This book is the first such study to emerge. Working with the Joint Center for Urban Studies of the Massachusetts Institute of Technology and Harvard, which was called upon to advise the Venezuelan government and the Corporación Venezolana de Guayana, Mr. Friedmann has been an active participant in the Ciudad Guayana enterprise, as well as its student.
But this work aims at – and achieves – an overview of a much broader field: the regional development of emerging nations and the integration of regional economies with over-all national goals. Indeed, Part I is devoted to an elaboration of analytic methods which attain a high degree of generality, but which are especially useful in planning the transformation of a capital-hinterlands structure into a more complex network of regional cores tied to one another in economic equilibrium by a carefully developed spatial organization and resource optimization. In seeking to “incorporate the dimension of space into a discussion of the strategy for national development,” Mr. Friedmann develops a kind of “national geometry” whose elements consist of development areas, cores, growth points, and connecting corridors. This approach is enhanced by a considerable use of maps for the analysis and simulation of conditions and the synthesis of possibilities. These topographic-demographic concerns are, of course, related to the social and economic factors of development.

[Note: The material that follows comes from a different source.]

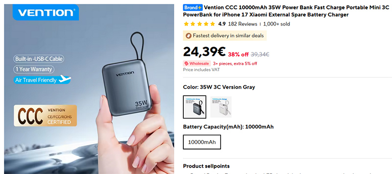 Недорогой, компактный и легкий внешний аккумулятор Vention емкостью 10000 мАч и мощностью 35 Вт. Встроенный кабель Type-C, еще один порт Type-C, дисплей, который показывает оставшийся процент заряда. Поддержка PD и PPS, сам аккумулятор заряжается на мощности 20 Вт. Более 1000 продаж со средней оценкой 4,9.

Part II treats Eastern Venezuela, and Ciudad Guayana in particular, as a special case in the application of these principles. After examining the reginal pattern of Venezuelan socioeconomic development from precolonial times to present, the author considers the need and prospects for industrial diversification and the penetration of the backlands. He rehearses the brief history of Ciudad Guayana, describes the two-way relation between the region's economy and the national economic aims, and offers projections into the twenty-first century.